L2 — I/O 경로 (put / get / lookup / evict)

디바이스 레이아웃

0                                                        device_size
├──────── meta_total_bytes (256 MiB 기본) ────────┤
│  meta container 0   │  meta container 1   │   data slots... │
│  (mirror copy)      │  (mirror copy)      │                 │
│  header(4KB) + json │  header(4KB) + json │  slot 0  slot 1 │
└─────────────────────┴─────────────────────┴─────────────────┘
                       ↑                    ↑
                  meta_copy_count=2    data_base_offset
                                       = meta_total_bytes

슬롯 = 고정 크기 slot_bytes (기본 1 MiB), 슬롯 머리 header_bytes (기본 4 KiB) 에 LMCBLK01 magic + 64bit slot_identity + payload_len 기록 (core.py:940-950)
메타데이터: 같은 디바이스 앞쪽에 mirror copy 2개, JSON 직렬화 + zlib CRC32, _meta_seq 증가하며 round-robin (core.py:1161-1198)

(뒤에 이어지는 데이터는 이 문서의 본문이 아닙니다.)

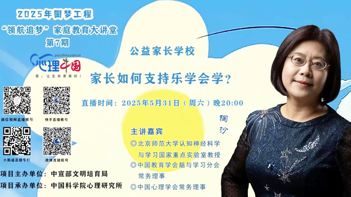 發(fā)布時間:2025-05-30 16:00:35 | 來源:中國網(wǎng)心理中國 | 作者:辛理中國網(wǎng)心理中國5月30日訊 5月31日(周六)晚20:00,中國網(wǎng)心理中國繼續(xù)聯(lián)合中科院心理研究所開啟“領(lǐng)航追夢”家庭教育大講堂心理科普直播講座。
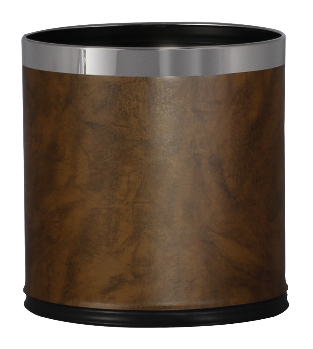 Double layer round metal bin, 10 litres, H270/W225mm, include inner liner, S/S ring, PU leatherette, Brown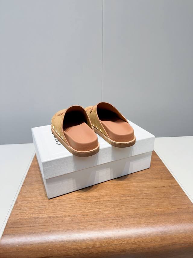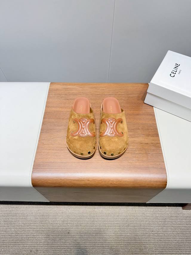 Celin- 赛琳 凯旋门 25Ss 春夏新款 勃肯 包头拖高级感十足 网红Ins种草神器、非常复古风、气场十足单品、设计风格非常新颖、高档且非常舒适.压印Celine标志彰显品牌魅力面料:原版进口麂皮 内里:羊毛 大底:原版超轻发泡大底Size: 35-40 40女定做不退换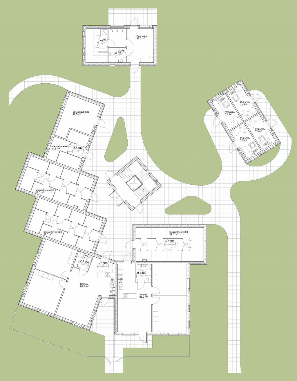 Ulkorakennukset rajaavat viihtyisän pihatilan ja luovat viihtyisän kotiympäristön myös lapsille. Ulkosaunarakennuksessa on mökkeilyn tuntua. Ajaton detaljointi ja kunnolliset, kouriintuntuvat materiaalit ottavat innoituksensa mutkattomasta kansanrakentamisesta. Ulkorakennukset voivat olla yhteisiä useamman kerrostalon kesken, ja ne sopeutuvat asukaslähtöisiin käyttötarkoituksen muutoksiin.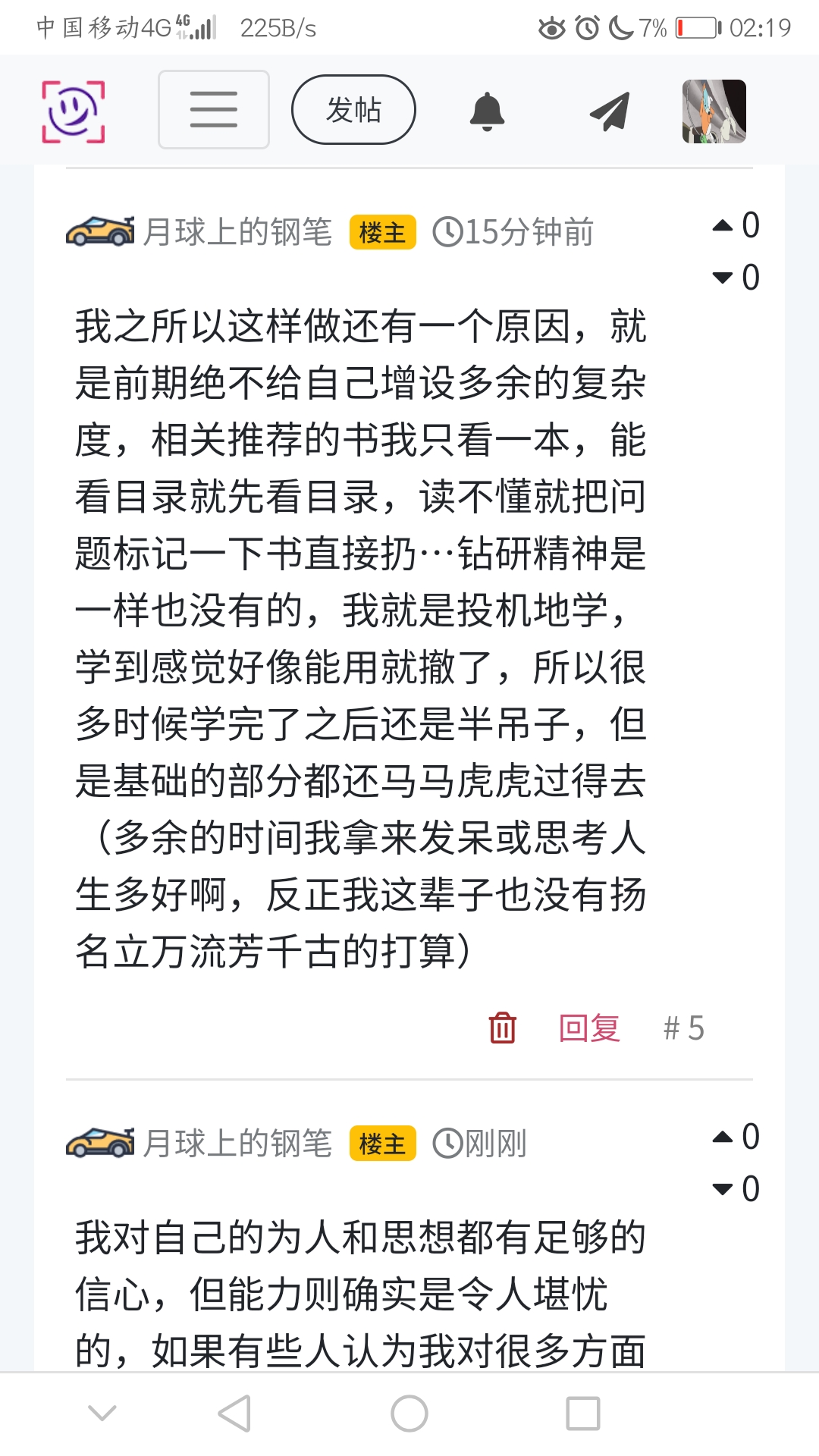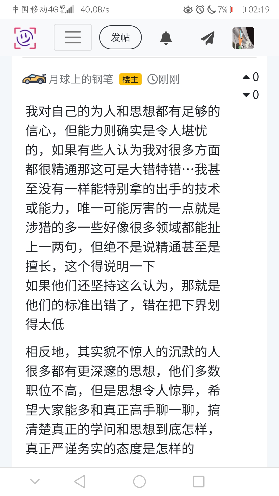 我对自己的为人和思想都有足够的信心,但能力则确实是令人堪忧的,如果有些人认为我对很多方面都很精通那这可是大错特错…我甚至没有一样能特别拿的出手的技术或能力,唯一可能厉害的一点就是涉猎的多一些好像很多领域都能扯上一两句,但绝不是说精通甚至是擅长,这个得说明一下

put 흐름 (`submit_store_task`)

sequenceDiagram
    participant SC as StoreController
    participant A as RawBlockL2Adapter
    participant P as ThreadPool (rawblk-store)
    participant C as RawBlockCore
    participant R as RawBlockDevice (Rust)
    participant D as 디바이스

    SC->>A: submit_store_task(keys, objs)
    A->>A: task_id 발급 + inflight++
    A->>P: pool.submit(_run_store_task)
    A-->>SC: task_id (즉시 return)

    P->>C: put_many(specs, objs)
    loop 각 (key, obj)
        C->>C: _lock 획득
        C->>C: 이미 indexed/inflight 면 skip
        C->>C: _allocate_slot_locked() → offset
        C->>C: _inflight[encoded] = (offset, meta)
        C->>C: _lock 해제
        C->>R: pwrite_from_buffer(offset, header)
        R->>D: pwrite (POSIX) or SQE Write/WriteFixed (io_uring)
        C->>R: pwrite_from_buffer(offset+header_bytes, payload)
        R->>D: pwrite ...
        C->>C: _lock 획득
        C->>C: _inflight pop → _index 등록
        C->>C: _meta_dirty_total++
    end
    C-->>P: RawBlockPutManyResult
    P->>A: _finish_store_task (callback)
    A->>A: _completed_store_tasks[task_id] = success
    A->>A: _notify_keys_stored (listener)
    A->>A: store_efd.notify()
    SC-->>SC: poll(store_efd) 깨어남
    SC->>A: pop_completed_store_tasks()

핵심 포인트:

header / payload 별도 pwrite 2회 — header 가 먼저 가야 slot identity 가 디스크에 박힘
O_DIRECT 면 header 도 block_align 까지 round-up (core.py:919-924)
payload buffer 가 block_align aligned 이고 enable_zero_copy=True 면 _build_direct_odirect_view 가 ctypes 로 raw memoryview 만들어 zero-copy (core.py:801-854)
_inflight_io_count++ / last_io_ts 갱신 → 체크포인트 idle quiet 판정 입력

get / load 흐름 (`submit_load_task`)

호출자가 destination buffer 를 미리 할당해서 넘긴다. Adapter 는 절대 새 메모리 할당 안 함.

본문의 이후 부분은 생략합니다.